* DESCRIPTION OF THE TASK *
Search the records for "women". Report every line where it occurs.

-*-

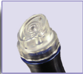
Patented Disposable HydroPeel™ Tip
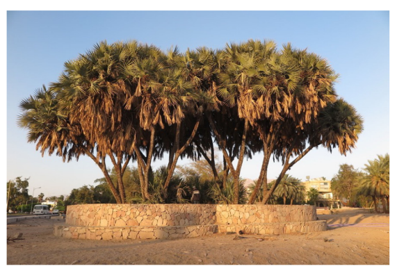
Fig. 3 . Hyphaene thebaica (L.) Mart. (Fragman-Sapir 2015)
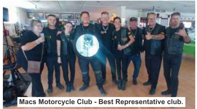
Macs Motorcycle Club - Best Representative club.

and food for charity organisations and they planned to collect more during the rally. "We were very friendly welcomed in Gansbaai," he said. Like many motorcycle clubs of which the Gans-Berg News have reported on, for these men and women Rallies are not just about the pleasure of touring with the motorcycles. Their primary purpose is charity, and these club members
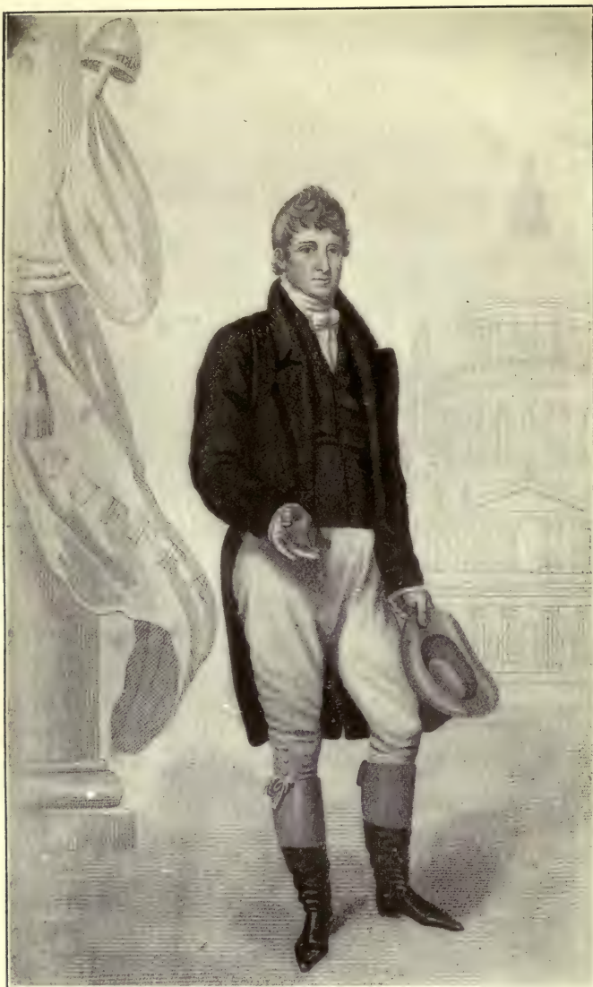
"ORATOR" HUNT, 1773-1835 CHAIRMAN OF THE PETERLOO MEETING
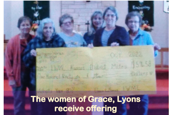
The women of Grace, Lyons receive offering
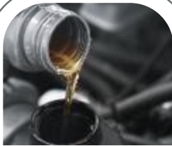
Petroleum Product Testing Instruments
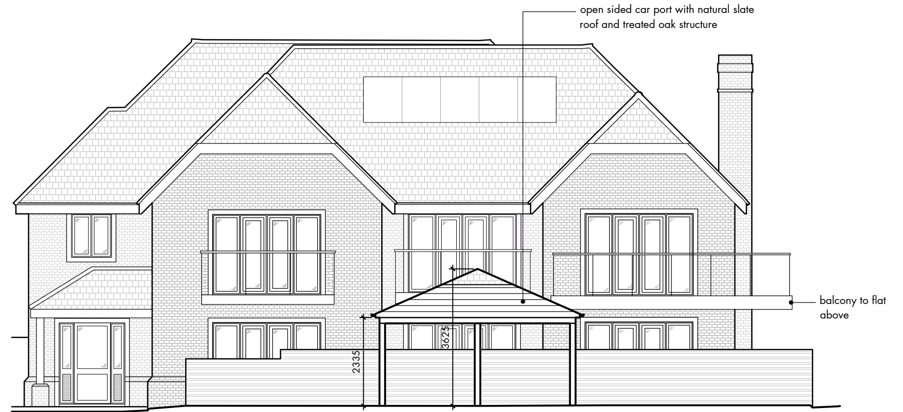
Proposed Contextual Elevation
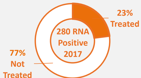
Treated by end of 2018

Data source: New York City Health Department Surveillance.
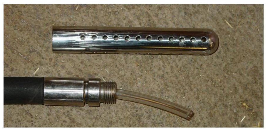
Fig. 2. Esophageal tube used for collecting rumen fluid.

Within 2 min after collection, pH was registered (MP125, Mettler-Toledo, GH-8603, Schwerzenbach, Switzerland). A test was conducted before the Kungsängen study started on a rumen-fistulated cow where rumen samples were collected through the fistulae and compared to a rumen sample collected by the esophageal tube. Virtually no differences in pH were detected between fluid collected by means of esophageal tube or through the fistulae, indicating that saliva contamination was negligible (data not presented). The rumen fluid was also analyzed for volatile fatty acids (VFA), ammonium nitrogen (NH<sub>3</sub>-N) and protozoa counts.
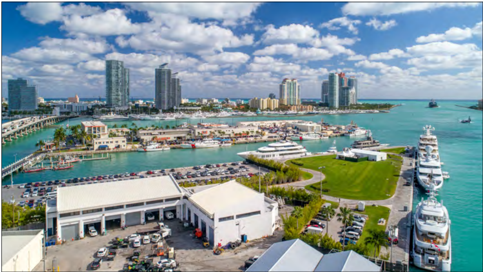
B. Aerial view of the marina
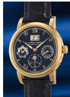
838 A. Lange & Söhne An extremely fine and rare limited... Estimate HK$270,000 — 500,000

-*-

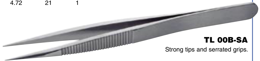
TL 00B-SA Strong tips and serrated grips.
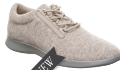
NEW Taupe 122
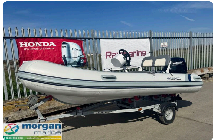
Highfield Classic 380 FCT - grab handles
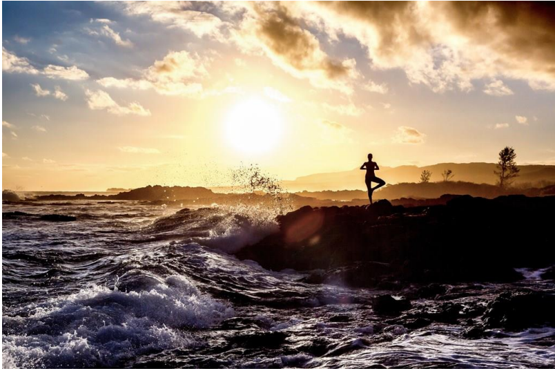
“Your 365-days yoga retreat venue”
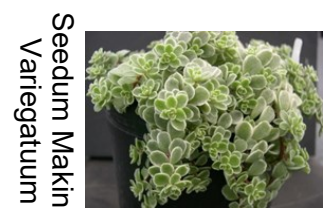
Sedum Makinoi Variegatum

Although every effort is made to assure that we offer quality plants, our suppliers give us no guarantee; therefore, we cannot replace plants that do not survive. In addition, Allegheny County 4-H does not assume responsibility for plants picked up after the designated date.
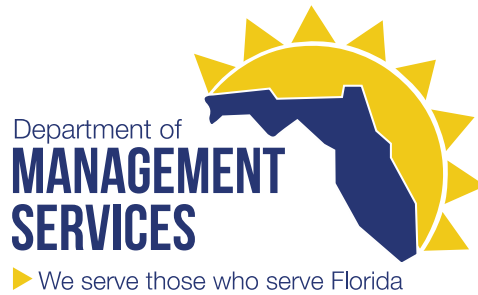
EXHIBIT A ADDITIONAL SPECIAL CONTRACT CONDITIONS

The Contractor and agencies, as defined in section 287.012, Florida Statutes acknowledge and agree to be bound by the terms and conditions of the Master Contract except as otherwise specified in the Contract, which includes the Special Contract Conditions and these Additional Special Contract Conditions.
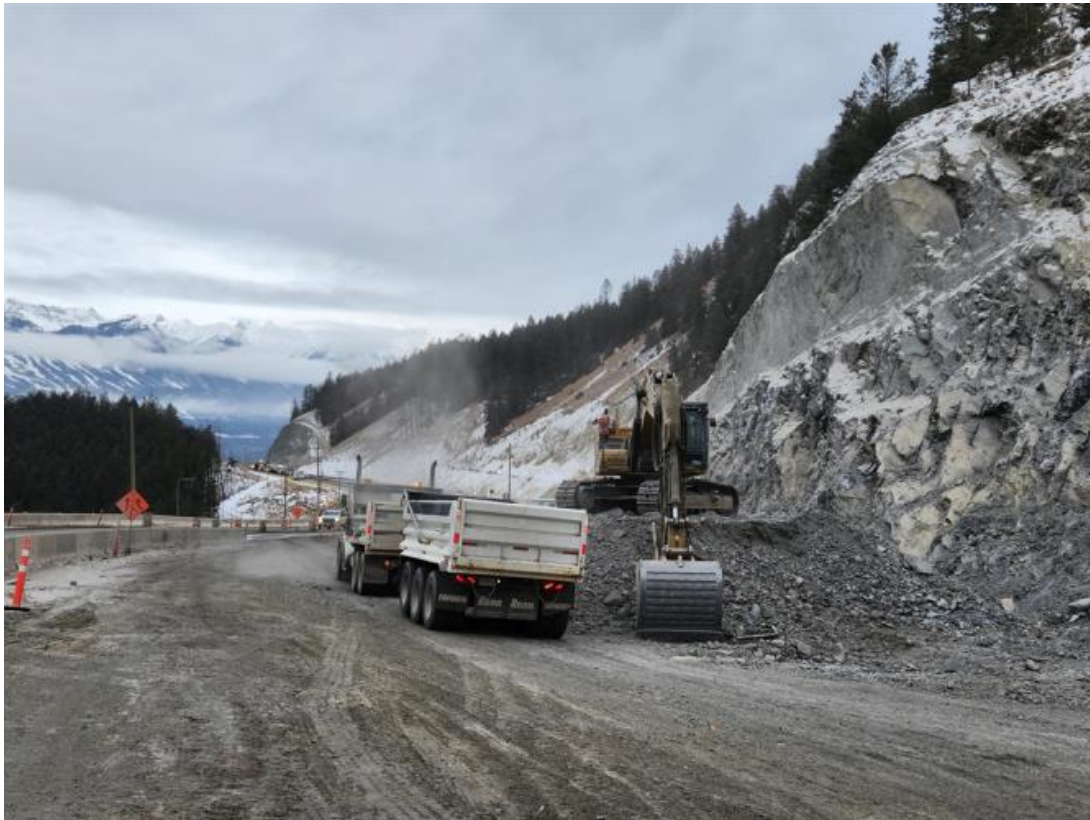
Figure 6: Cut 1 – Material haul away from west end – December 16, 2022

-*-

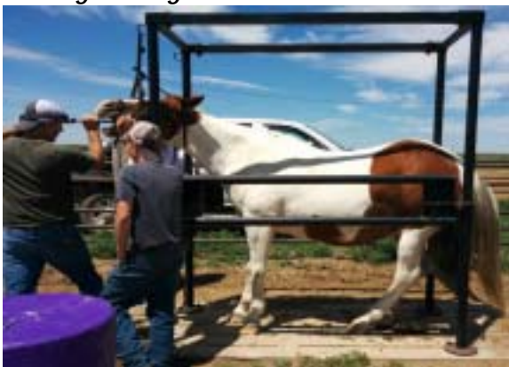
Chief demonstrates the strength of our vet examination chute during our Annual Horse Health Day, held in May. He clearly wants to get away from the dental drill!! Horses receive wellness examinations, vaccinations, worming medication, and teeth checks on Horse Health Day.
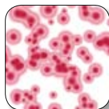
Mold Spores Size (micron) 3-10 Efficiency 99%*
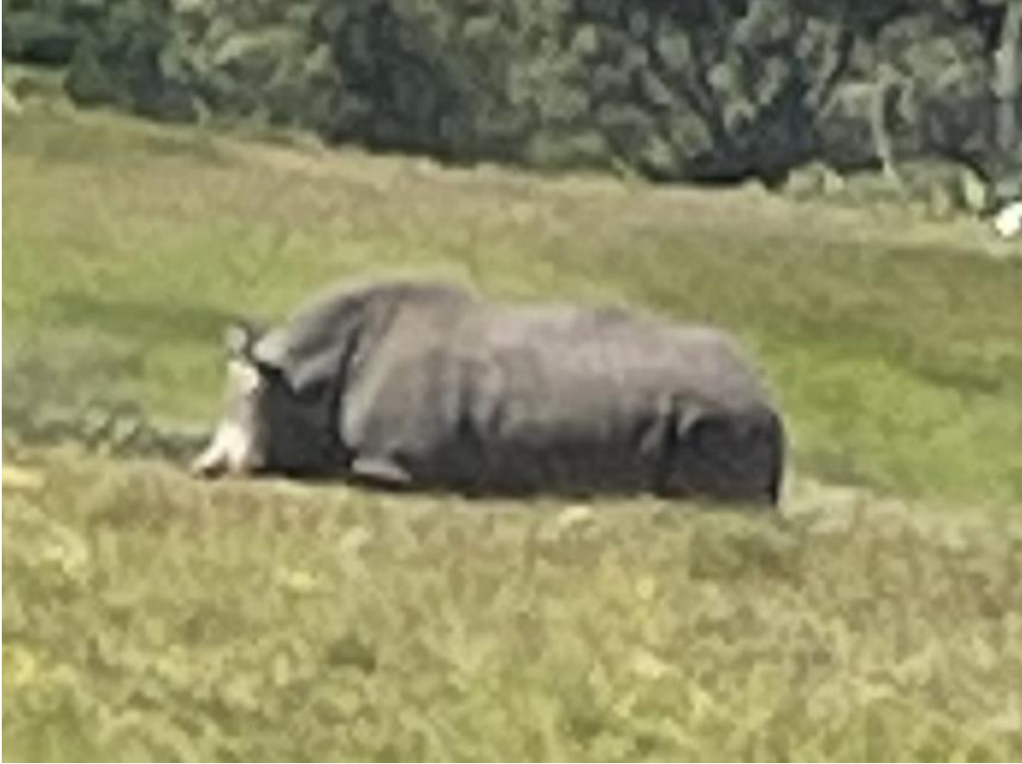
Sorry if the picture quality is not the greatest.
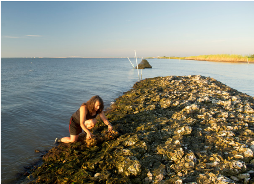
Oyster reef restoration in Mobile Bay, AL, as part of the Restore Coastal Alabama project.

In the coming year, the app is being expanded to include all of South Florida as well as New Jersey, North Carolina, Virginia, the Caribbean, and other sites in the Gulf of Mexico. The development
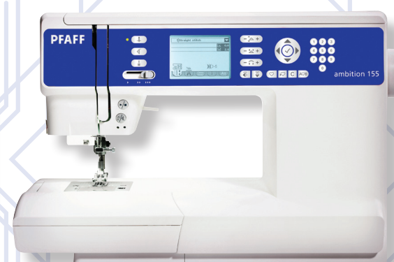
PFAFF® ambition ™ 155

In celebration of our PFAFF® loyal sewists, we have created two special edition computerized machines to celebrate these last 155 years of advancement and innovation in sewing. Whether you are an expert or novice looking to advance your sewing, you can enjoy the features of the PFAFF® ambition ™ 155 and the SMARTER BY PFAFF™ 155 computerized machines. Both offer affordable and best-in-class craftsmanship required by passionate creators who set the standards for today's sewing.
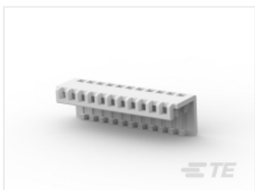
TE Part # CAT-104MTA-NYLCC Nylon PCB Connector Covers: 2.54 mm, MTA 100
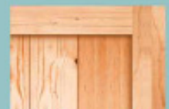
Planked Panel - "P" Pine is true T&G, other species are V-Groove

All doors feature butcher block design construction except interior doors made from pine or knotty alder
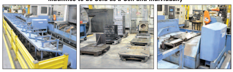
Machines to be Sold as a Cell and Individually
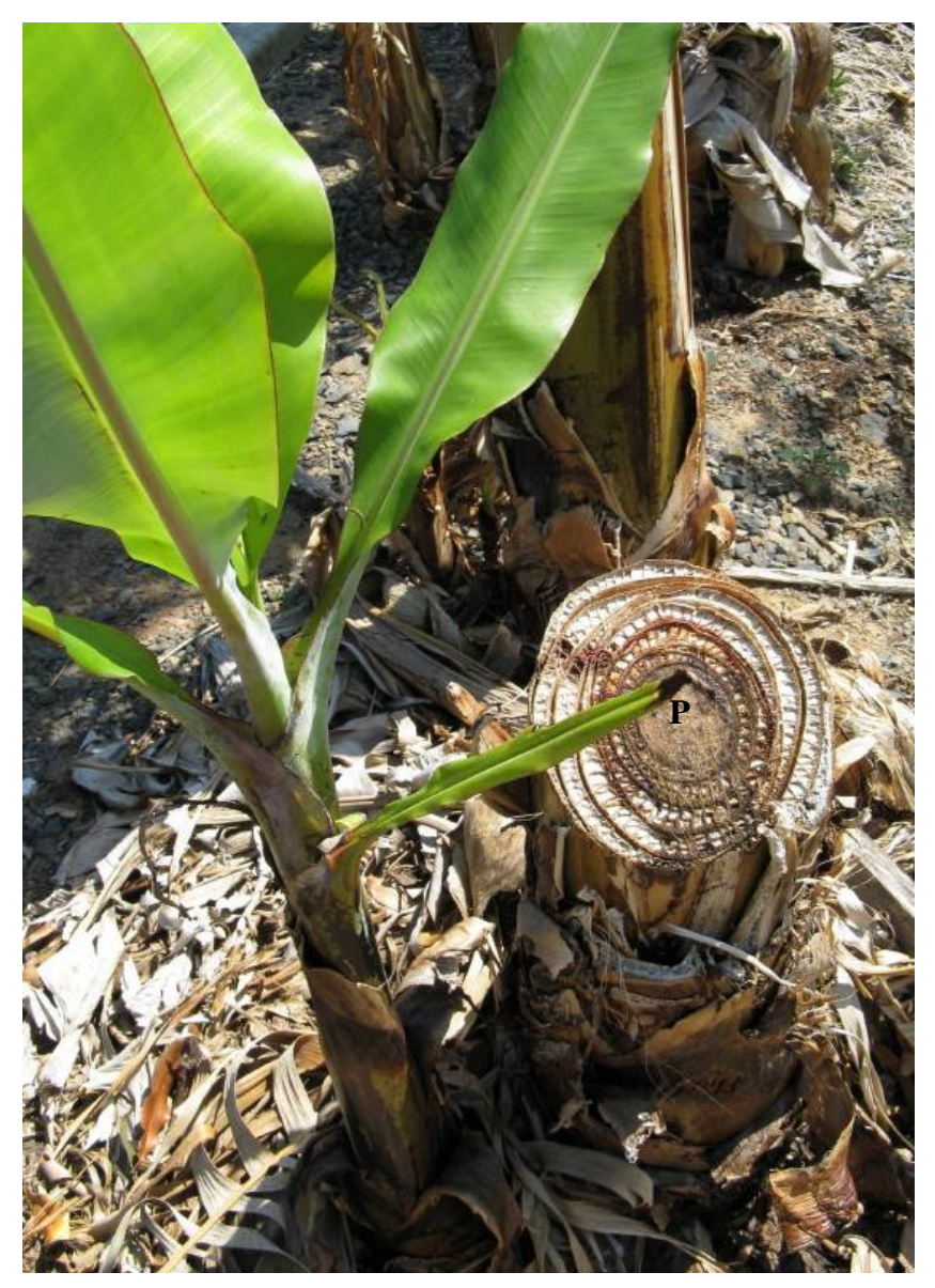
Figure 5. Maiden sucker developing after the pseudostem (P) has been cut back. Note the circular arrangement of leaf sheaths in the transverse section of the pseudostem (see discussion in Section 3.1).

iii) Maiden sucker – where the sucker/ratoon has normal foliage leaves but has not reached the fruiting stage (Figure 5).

-*-

* SOLUTION TO THIS EXERCISE *
and food for charity organisations and they planned to collect more during the rally. "We were very friendly welcomed in Gansbaai," he said. Like many motorcycle clubs of which the Gans-Berg News have reported on, for these men and women Rallies are not just about the pleasure of touring with the motorcycles. Their primary purpose is charity, and these club members
The women of Grace, Lyons receive offering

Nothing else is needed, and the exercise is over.